While there are over 3,700 wastewater treatment facilities in Florida, one-third of the population is still served by onsite sewage treatment and disposal systems (septic tanks) that rely on individuals to maintain and operate. Florida’s wastewater system is increasing in age and the condition of installed treatment and conveyance systems is declining. As existing infrastructure ages, Florida utilities are increasing their emphasis on asset management systems to maintain service to customers. There are also over 1,900 impaired water body segments throughout the state that will require higher standards to be met. While Florida is a national leader in reclaimed water use, which helped offset the State’s potable water needs and is a vital component of water resource and ecosystem management, population growth, aging infrastructure, and sensitive ecological environments are increasing the need to invest in Florida’s wastewater infrastructure.

Coastal Areas D+

Florida’s economy relies heavily on its 825 miles of sandy beaches, the state’s “invisible” coastal infrastructure that protects Florida’s communities from storm damage. Florida beaches are also significant to the economy as the number of beachgoers yearly is more than double the number of visitors to all U.S. parks combined. Unfortunately, nearly 61% of Florida’s sandy beaches (503.8 miles) are eroding. Beaches and inlets require ongoing maintenance to fight erosion. Developing and applying local and regional beach management strategies has proven essential to decreasing the risk exposure in coastal areas and providing storm damage reduction benefits, such as protection of power plants adjacent to the coast. However, over the last 10 years, the average difference between requested and state appropriated funds exceeded $40 million per year.

Ports B-

Florida has invested $850M over the past 5 years in its 15 seaports— Port Canaveral, Citrus, Everglades, Fernadina, Fort Pierce, Jacksonville, Key West, Manatee, Miami, Palm Beach, Panama, Pensacola, St. Joe, St. Petersburg, and Tampa. Seven of Florida’s ports are now in the top 50 grossing NAFTA container traffic ports. Florida maritime activities account for approximately 13% of Florida’s GDP while contributing $2.4 billion in state and local taxes.
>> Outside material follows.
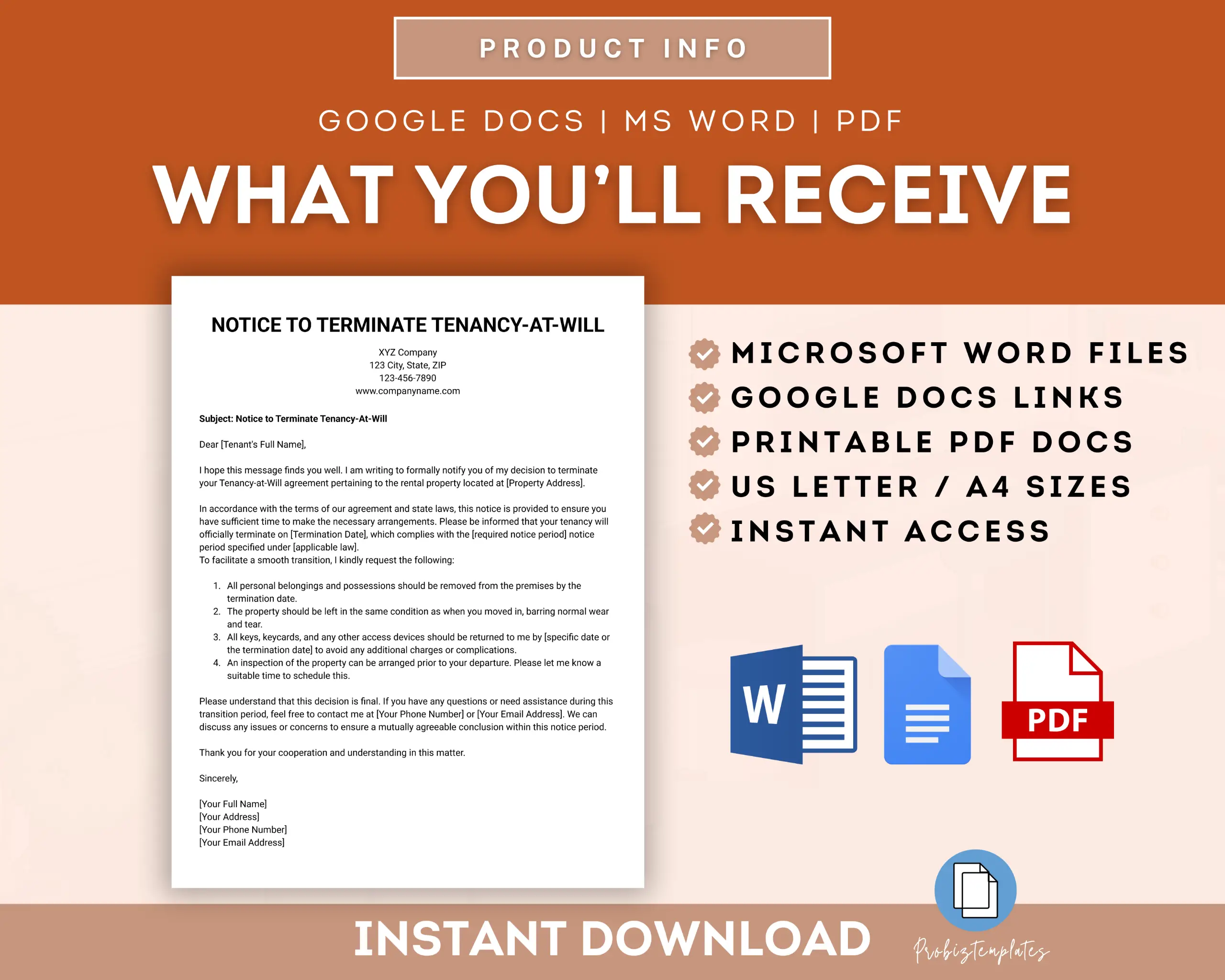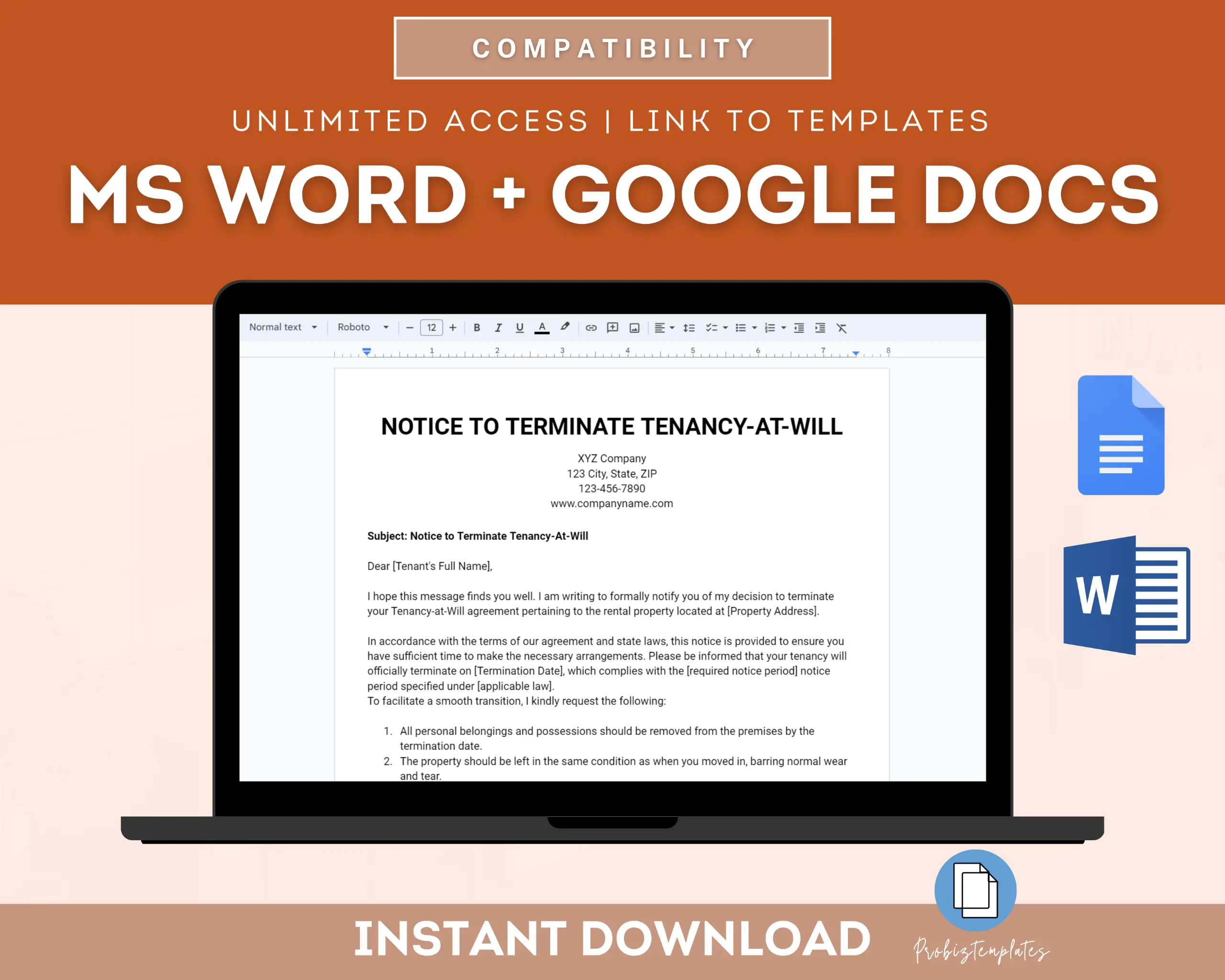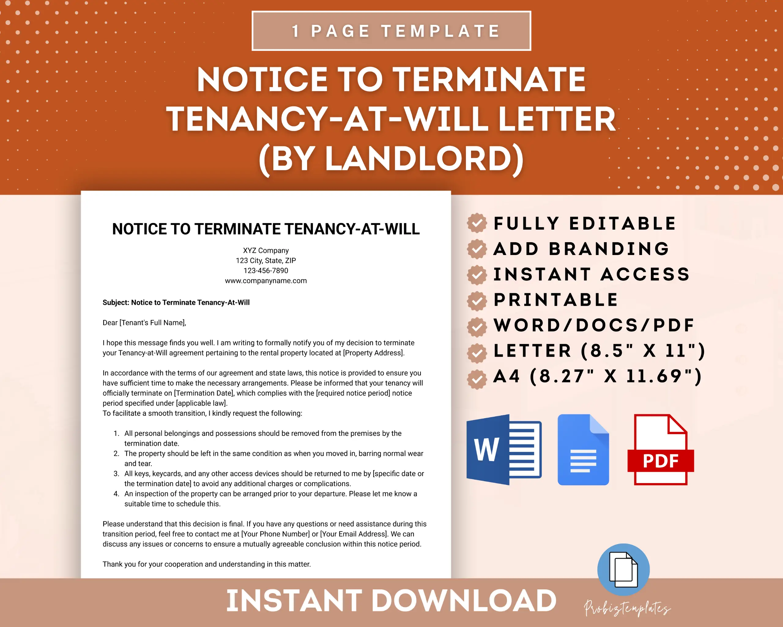 📄 Notice To Terminate Tenancy-At-Will Letter (By Landlord) Template

Florida is investing in its port capacity and operational infrastructure in order to become a global hub, capturing an even larger share of international trade and related commercial activities. While more capacity and operational improvements are needed, Florida’s overall seaport competitiveness has improved in anticipation of the Panama Canal Expansion, which recently opened.

Stormwater D

Florida’s stormwater systems primarily capture excess rain water and transport it for cleaning or release. About 1 in every 3 localities have established dedicated stormwater programs. These 165 local stormwater systems consist of drainage pipes, stormwater ponds and runoff treatment devices and serve about 116,665 people per system. To maintain the systems, generally two types of user fees are collected – stormwater utility fees and stormwater fees. The current monthly stormwater utility rate averages $5.68, which is slightly less than the cost of a Big Mac meal at McDonalds.® Florida’s capital improvement needs for stormwater management are estimated to be $1.1 billion through 2019, yet utility fees to upkeep the systems have declined since 2011 while needs will double over the decade. More than half of Florida’s stormwater entities revealed an inability to address all capital improvement needs, and only 1 in 4 stormwater utilities stated that today’s operation and maintenance capabilities were adequate only to meet the most urgent needs.